Mr. Jayaraman, learned standing counsel for the department, referred to this conclusion in the Commissioners order and submitted that it showed a proper sense of direction in the matter of levy of penalty under s. 273. We do not think so. The pertinent point made by the petitioner in its explanation was that the sudden rise in the papers circulation put the petitioners organization under tension and, in the process, made the petitioner miss the time-limit for filing the advance tax estimate. The Commissioner, however, did not advert to this aspect. In our judgment, the Commissioner has thereby ignored an important consideration relevant top the question of penalty under s. 271. For, here, is a new organization which had taken to a mass media as a source of income. The media of the press is notorious for its uper dictable ups and downs. While sudden winds of change may not effect old hands at the job, they might well overwhelm new entrants like the petitioner who could lose their bearings, occasionally, in the matter of priorities. It is, however, a measure of the petitioners attitude towards its fiscal obligations that within a matter of six days or so, the petitioner was able to collect its wits and prepare and file the estimate and also pay a sizeable advance tax of Rs, 40,000.
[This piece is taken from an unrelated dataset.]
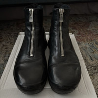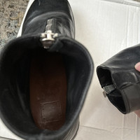 Guidi VS01 front zip boot in black horse leather, men’s size 42 (fits men’s US size 8.5-9). Originally $1487. Full grain horse leather upper and sole wrap. Rounded toe. Made in Italy. Front zip closure. Vibram rubber sole. Pull tab at heel. Approx 32mm/ 1.25 inch heel. Approx 140mm/ 5.5 inch shaft. In excellent preowned condition; general wear. Does not come with original box.

It is not our wish to reassess the factual situation, much less to sen-timentalise over any of its extenuating aspects. Our discussion of the material facts in the case is only intended to illustrate how evidence has got to be evaluated in the context of s. 273. Situations could be easily visualized. An assessee may set out to prove the existence of a reasonable cause for the default. That proff may not amount to much. It may fail as convicing proff of the existence of a reasonable cause. Even, so, that evidence such as it is, may yet possess enough weight to resist the ITO from drawing an inference that the default was without reasonable cause. A plausible explanation which falls short of proff of a positive fact may yet rule out a conclusion about the existence of the opposite.
The facts pleaded by the petitioner called forth a consideration from a single-minded perspective, namely, to find out whether the non-furnishing of the estimate was without a reasonable cause. What the ITO and the Commissioner, however, did was to proceed as though the petitioner was all the time on the defensive, and if the petitioners explanation was vulnerable to criticism, there was no escape to the petitioner from the penalty. The approach to the penalty action, as we have earlier shown, is singularly ill-fitted to the plain dictates of s. 273 of the I.T. Act.
We, accordingly, quash the penalty of Rs. 7,675 imposed on the petitioner by the ITO and confirmed by the Commissioner. In the circumstances of the case, however, there will be no order as to costs.